踏切で電車が通り過ぎたあと明里はいませんでしたが、貴樹にとってようやく本当の意味で過去と向き合えた瞬間だったのではないでしょうか。

すっきりとしたいい顔で力強く歩きだしていましたよね。(*´ω`*)

一方、ネット上では「明里は逃げた」なんて意見も…。笑

実際小説版を見ると、明里は明里でまだ完全に整理がついている様子でもなかったりして。

まあ新婚なのに昔好きだった人とバッタリ会って仲良くする…というのもちょっと問題がありそうですし、個人的にはあの終わり方でよかったんじゃないかな~とも思っています。

カヌー
いずれにしても、2人にとってこの先も「大切な思い出」であり続けるのは間違いないでしょうね。

小説版「秒速5センチメートル」

小説版では、映画では描ききれなかった登場人物の内面をより深く知ることができます。

この映画を評するときに、「男は名前をつけて保存、女は上書き保存」と言われることも多いですが、実際はそうでもなくて。

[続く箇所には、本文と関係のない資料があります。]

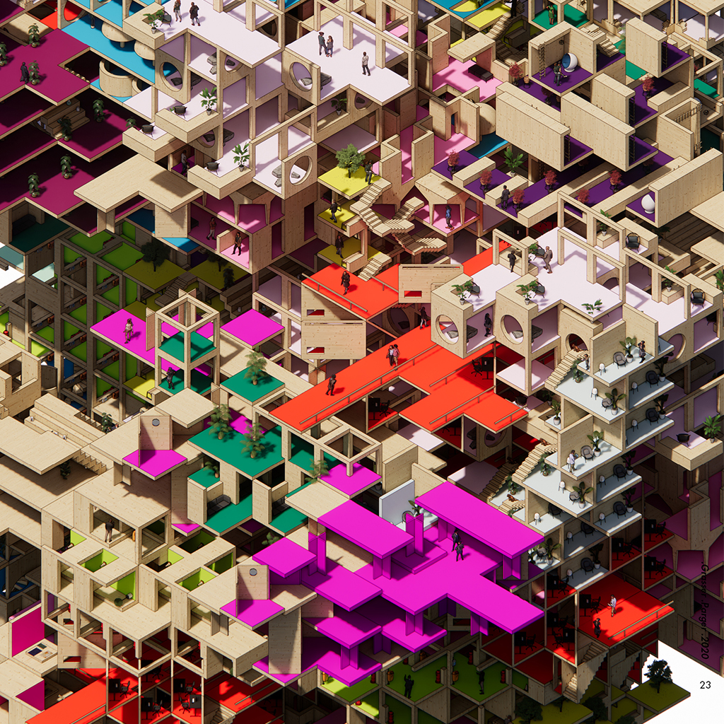 Furthermore the collaborative objects embed visions of spatial appropriation, considering the future of leisure, work and housing. In this sense providing a human scale to the stacked building components for the many.

明里がどれだけ貴樹を大切に想っていたか(いるか)が詳細に描かれています。

また、映画ではわからなかった「手紙」の全文も読むことができます。

カヌー

手紙の内容を知ると映画に対する印象が大きく変わるので、この作品をもっと好きになるきっかけになってくれると思います。

「秒速5センチメートル」まとめ!

人を選ぶかもしれないけど、その濃い世界観やストーリーは人を惹きつける魅力がある…。

そんな作品だと思います。

僕も惹きつけられた一人で、新海作品の中でも特に大好きな一作となっています。

ただ、最初に観たときの絶望感はすごかったです。(・ω・;)

あの時は何日か引きずったような…。笑

新海監督はこの映画を「誰かを励ませれば」と思って作ったそうですが、「悲しかった」「ショックだった」という意見が多かったことから、補完(フォロー)の意味を込めて小説版を書いたそうです。

とらえ方はそれぞれですが、個人的には小説版があってよかったと思っています。

漫画版ではさらに別の終わり方をしていて、こちらも映画を観て「え~…」となった方にはおすすめです。

媒体ごとにいろいろな解釈があるのも、秒速5センチメートルの魅力の一つなのかもですね。

この映画版の終わり方は、以降の「言の葉の庭」や「君の名は。」につながっている部分もあるので、そちらから新海作品にハマった方にもぜひぜひ観て欲しい作品です。